▸ WHAT IS NEEDED:
Return all lines below containing the word "page".

(Beginning of EXERCISE MATERIALS)

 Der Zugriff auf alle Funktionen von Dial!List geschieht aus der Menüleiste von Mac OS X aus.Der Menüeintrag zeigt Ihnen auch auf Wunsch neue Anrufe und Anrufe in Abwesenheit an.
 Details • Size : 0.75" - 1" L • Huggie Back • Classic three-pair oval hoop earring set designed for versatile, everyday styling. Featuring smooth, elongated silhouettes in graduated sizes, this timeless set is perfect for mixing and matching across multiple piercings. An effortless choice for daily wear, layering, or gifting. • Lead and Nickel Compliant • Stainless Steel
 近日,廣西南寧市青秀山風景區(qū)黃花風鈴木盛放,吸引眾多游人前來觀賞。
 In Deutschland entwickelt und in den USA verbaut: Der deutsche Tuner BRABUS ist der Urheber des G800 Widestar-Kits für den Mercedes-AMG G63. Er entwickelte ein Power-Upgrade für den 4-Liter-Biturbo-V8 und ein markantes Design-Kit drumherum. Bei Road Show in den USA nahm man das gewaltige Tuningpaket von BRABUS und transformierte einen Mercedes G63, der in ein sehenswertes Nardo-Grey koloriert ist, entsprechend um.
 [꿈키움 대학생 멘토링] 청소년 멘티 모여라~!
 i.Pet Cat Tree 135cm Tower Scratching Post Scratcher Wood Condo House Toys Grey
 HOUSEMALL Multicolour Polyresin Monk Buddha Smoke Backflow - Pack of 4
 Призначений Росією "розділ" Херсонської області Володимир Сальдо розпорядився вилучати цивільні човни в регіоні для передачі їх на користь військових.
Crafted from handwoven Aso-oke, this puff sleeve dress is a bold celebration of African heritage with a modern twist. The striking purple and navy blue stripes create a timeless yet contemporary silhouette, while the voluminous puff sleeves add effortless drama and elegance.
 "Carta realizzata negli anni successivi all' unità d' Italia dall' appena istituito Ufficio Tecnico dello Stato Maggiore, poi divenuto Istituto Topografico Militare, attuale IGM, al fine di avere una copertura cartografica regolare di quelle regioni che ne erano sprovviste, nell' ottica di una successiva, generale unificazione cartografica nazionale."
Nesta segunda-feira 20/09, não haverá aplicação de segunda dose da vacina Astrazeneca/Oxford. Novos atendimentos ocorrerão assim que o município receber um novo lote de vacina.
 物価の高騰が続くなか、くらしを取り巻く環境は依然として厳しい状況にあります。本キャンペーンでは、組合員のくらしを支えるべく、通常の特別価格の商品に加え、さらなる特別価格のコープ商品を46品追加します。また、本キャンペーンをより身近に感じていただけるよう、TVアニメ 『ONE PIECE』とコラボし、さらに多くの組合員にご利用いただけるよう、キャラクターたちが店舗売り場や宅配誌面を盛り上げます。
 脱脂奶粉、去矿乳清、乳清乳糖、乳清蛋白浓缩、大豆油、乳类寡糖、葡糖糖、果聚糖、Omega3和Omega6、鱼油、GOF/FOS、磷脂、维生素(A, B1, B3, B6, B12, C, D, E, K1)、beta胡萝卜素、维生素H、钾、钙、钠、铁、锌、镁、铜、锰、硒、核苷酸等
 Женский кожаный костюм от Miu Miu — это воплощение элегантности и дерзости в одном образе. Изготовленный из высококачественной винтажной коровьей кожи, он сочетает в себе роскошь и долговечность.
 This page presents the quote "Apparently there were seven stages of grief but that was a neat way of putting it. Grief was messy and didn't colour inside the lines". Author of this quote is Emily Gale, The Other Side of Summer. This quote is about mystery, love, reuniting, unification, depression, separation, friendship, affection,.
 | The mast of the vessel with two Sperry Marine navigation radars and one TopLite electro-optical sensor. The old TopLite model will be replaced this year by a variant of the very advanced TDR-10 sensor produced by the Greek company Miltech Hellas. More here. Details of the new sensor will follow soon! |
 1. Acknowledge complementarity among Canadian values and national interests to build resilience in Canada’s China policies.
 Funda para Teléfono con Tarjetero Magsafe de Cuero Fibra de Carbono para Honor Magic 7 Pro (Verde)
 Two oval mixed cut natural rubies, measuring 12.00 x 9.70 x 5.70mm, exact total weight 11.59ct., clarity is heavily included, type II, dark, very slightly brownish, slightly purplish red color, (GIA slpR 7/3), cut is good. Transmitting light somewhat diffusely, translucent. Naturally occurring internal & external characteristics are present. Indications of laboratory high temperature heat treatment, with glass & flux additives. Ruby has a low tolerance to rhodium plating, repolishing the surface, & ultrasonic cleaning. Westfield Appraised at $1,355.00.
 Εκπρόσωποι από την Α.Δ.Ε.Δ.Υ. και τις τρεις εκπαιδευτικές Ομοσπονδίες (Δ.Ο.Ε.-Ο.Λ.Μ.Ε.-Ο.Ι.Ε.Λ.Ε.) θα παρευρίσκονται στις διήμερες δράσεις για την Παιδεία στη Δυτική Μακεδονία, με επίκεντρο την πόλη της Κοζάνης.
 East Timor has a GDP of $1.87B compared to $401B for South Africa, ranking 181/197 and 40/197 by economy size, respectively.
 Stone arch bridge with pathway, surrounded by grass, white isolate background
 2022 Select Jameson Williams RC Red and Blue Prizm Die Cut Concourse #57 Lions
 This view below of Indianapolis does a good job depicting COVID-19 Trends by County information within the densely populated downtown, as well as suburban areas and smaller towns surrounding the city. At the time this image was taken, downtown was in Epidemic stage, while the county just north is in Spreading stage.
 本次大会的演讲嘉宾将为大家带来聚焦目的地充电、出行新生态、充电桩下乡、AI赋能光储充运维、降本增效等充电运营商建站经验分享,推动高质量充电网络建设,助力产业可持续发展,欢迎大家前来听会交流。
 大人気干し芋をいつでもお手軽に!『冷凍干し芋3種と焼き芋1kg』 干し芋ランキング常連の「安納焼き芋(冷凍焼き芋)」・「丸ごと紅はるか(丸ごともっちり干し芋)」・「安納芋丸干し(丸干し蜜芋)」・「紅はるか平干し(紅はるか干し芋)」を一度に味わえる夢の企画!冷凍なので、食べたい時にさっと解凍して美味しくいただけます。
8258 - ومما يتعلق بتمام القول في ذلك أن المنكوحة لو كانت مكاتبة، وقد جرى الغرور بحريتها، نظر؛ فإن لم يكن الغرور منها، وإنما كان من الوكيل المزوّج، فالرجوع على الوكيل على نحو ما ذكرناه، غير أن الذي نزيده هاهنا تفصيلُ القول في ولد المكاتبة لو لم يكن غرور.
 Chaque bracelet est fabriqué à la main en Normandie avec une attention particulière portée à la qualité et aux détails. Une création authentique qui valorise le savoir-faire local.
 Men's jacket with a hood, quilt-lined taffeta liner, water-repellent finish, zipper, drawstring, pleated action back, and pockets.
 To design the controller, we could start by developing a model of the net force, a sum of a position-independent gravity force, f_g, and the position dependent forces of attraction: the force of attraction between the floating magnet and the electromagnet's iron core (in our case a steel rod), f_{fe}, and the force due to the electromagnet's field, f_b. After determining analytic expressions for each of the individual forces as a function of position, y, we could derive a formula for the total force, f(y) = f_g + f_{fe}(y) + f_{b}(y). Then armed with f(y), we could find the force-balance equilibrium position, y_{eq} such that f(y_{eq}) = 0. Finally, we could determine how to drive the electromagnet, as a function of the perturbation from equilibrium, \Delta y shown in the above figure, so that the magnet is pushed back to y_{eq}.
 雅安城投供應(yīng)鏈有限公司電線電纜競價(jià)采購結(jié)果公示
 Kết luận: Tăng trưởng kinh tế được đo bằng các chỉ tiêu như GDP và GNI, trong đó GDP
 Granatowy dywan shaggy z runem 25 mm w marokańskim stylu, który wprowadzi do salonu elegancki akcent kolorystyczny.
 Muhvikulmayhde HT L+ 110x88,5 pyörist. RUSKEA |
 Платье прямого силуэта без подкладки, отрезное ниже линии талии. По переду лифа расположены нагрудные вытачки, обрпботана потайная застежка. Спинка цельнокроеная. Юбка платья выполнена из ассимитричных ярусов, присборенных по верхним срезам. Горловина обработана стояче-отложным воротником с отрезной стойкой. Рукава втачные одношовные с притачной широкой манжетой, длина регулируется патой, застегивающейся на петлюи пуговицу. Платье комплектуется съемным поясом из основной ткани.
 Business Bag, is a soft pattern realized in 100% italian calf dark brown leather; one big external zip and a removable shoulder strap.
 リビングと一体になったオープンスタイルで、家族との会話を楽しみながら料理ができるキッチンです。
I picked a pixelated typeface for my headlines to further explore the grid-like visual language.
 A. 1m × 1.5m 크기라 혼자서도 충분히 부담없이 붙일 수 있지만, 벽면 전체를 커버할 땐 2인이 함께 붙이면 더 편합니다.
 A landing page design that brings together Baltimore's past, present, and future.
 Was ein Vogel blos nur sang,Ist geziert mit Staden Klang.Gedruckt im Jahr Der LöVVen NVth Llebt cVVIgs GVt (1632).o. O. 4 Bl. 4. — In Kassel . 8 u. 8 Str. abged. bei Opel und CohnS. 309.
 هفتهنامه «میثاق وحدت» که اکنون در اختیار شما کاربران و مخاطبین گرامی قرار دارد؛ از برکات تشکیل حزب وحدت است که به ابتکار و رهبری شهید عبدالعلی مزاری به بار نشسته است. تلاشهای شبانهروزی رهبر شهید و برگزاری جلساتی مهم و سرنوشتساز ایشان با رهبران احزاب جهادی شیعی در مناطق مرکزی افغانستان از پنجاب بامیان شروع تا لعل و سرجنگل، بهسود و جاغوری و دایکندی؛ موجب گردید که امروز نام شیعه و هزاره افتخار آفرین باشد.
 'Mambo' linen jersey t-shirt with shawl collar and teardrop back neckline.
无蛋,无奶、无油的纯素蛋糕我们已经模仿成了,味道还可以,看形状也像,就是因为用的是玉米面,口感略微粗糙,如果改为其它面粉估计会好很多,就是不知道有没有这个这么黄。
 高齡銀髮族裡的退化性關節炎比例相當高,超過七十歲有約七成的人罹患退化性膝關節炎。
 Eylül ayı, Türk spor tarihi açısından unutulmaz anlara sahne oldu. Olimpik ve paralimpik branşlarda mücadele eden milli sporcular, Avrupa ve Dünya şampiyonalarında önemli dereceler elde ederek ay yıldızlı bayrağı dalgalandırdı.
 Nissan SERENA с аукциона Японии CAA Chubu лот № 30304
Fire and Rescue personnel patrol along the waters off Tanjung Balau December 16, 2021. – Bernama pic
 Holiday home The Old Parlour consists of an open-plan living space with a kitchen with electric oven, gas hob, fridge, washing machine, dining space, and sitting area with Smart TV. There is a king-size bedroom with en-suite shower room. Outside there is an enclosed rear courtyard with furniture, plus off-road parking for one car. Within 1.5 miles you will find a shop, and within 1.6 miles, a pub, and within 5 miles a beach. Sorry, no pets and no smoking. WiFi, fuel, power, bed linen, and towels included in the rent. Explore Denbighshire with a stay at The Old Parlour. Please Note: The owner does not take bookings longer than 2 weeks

(End of EXERCISE MATERIALS)

▸ WRITTEN RESPONSE:
 This page presents the quote "Apparently there were seven stages of grief but that was a neat way of putting it. Grief was messy and didn't colour inside the lines". Author of this quote is Emily Gale, The Other Side of Summer. This quote is about mystery, love, reuniting, unification, depression, separation, friendship, affection,.
 A landing page design that brings together Baltimore's past, present, and future.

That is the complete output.